Suppose I wanted to make a superficial change, like make $ a recognized symbol
in the language. That's super easy. I don't even need to look at the docs. If
I want to introduce a new syntactic construct? A little harder; I'll have to
go check the attoparsec docs. But you'd have to look up the docs for a library
in any language, anyway.

All's not well; in particular, this code conflates the tokenizing and parsing
steps (notice that I don't say anything about whitespace in my grammar, but
there's some line-noise here dealing with it.) That decreases the readability
a little, but you gain efficiency with it.

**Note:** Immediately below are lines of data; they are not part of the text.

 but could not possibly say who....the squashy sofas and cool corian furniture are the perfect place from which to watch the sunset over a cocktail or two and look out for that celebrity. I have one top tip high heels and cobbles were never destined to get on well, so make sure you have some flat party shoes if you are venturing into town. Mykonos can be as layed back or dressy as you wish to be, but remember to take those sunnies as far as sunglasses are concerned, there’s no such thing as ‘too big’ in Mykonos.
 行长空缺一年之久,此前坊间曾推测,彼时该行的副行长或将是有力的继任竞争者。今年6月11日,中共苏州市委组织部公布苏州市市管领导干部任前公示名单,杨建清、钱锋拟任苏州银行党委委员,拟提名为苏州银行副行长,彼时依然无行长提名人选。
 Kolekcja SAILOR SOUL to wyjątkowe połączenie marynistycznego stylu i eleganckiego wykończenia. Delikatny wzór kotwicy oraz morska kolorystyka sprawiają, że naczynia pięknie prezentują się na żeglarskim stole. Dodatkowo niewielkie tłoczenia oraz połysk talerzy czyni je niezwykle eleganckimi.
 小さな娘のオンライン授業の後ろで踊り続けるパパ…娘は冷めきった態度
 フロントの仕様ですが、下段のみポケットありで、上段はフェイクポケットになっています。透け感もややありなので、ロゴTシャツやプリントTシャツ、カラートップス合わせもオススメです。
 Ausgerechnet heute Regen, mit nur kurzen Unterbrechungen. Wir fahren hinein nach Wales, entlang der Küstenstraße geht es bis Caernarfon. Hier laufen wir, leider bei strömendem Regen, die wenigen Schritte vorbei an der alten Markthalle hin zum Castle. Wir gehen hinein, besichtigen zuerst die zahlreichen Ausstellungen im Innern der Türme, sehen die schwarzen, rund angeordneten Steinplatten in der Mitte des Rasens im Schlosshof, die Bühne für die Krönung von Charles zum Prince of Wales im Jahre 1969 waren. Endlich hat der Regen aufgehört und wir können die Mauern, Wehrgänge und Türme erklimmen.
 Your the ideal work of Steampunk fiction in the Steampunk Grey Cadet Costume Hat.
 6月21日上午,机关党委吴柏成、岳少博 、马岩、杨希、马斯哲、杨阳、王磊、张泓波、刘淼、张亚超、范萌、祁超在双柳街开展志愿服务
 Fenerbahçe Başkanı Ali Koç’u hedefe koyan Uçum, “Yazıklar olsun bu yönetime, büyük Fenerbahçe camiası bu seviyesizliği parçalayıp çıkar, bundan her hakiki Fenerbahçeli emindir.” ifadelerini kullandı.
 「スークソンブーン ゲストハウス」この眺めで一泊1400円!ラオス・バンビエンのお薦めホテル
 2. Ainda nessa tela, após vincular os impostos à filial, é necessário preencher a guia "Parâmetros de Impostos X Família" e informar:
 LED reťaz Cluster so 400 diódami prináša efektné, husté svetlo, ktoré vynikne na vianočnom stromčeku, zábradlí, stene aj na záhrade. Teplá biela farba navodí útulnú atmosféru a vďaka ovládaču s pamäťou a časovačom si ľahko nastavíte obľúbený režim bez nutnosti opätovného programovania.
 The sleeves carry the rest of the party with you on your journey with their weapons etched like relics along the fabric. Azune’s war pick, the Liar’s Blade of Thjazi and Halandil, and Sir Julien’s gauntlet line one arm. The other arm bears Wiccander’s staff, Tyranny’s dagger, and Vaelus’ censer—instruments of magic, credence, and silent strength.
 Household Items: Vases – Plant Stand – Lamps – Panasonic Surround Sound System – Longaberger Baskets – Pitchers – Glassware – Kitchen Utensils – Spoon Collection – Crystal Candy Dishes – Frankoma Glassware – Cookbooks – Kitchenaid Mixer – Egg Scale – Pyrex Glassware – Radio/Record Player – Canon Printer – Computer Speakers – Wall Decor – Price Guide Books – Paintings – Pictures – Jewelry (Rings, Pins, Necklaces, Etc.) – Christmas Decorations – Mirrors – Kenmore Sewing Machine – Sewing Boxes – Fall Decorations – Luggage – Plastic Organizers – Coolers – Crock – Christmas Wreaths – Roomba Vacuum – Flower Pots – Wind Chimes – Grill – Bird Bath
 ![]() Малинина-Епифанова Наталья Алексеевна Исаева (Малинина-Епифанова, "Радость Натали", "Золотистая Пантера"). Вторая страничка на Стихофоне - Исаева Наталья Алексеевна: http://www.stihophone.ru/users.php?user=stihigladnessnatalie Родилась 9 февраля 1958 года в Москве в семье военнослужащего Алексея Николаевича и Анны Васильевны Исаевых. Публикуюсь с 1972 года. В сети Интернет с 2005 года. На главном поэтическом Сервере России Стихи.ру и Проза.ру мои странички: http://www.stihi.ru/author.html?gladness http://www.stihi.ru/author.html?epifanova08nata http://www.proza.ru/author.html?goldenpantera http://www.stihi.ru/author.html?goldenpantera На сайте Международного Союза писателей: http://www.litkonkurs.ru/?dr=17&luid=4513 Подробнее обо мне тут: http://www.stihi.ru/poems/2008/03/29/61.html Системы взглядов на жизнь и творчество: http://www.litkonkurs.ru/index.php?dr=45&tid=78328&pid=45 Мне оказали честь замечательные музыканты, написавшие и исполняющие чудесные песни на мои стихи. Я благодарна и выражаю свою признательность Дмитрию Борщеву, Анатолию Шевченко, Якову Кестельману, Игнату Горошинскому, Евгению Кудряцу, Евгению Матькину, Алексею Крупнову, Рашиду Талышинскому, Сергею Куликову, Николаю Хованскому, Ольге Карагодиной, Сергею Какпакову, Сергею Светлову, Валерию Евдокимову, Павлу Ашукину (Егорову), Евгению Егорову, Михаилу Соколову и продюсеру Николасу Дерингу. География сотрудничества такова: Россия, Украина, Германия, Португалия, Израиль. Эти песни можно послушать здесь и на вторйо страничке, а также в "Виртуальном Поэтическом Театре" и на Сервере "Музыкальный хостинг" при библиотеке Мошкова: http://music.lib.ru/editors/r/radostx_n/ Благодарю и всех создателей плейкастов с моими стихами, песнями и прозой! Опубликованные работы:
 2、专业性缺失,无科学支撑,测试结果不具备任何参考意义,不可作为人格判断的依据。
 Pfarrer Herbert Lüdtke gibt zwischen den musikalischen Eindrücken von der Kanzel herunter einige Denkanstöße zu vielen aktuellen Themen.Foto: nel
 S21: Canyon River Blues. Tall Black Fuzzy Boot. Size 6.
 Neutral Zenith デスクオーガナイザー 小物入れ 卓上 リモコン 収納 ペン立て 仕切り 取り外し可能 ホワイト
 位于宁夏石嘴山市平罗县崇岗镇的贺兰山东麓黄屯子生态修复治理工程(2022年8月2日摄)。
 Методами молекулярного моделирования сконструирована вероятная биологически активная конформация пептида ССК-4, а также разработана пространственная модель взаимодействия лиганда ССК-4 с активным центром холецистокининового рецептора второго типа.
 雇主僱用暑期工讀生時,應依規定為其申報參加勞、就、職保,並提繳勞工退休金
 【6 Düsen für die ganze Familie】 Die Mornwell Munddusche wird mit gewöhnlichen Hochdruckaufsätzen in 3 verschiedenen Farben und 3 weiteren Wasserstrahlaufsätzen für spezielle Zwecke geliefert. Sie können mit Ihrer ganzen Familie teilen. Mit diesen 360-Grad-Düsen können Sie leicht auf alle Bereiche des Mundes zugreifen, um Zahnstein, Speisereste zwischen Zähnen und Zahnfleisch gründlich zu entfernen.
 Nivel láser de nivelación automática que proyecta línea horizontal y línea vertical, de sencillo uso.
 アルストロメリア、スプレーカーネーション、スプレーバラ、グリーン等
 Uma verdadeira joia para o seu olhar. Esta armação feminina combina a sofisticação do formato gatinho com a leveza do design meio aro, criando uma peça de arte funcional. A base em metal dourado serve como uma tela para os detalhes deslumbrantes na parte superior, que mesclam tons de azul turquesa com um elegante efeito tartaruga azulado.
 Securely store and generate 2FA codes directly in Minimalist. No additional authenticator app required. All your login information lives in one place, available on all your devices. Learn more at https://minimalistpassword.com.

Maybe there's a tradeoff: the use of a library and symbolic combinators makes
it harder to tell precisely how the code manages to actually do any parsing.
That's true of any abstraction. But what's really great about this is that I
can easily tell what the big picture of the code is. A page or two of state
machine would not do that for me!

------
Peaker
The content of Fun is actually the type: Context -> Value -> (Context, Value).

If you flip the arguments, you get: Value -> Context -> (Context, Value). The
(Context -> (Context, Value)) is actually the State type:

    
    
        State s a = s -> (s, a)
    

I modified your code to use this type. During the process, I encountered some
peculiar things (and factored out some things), see comments in code.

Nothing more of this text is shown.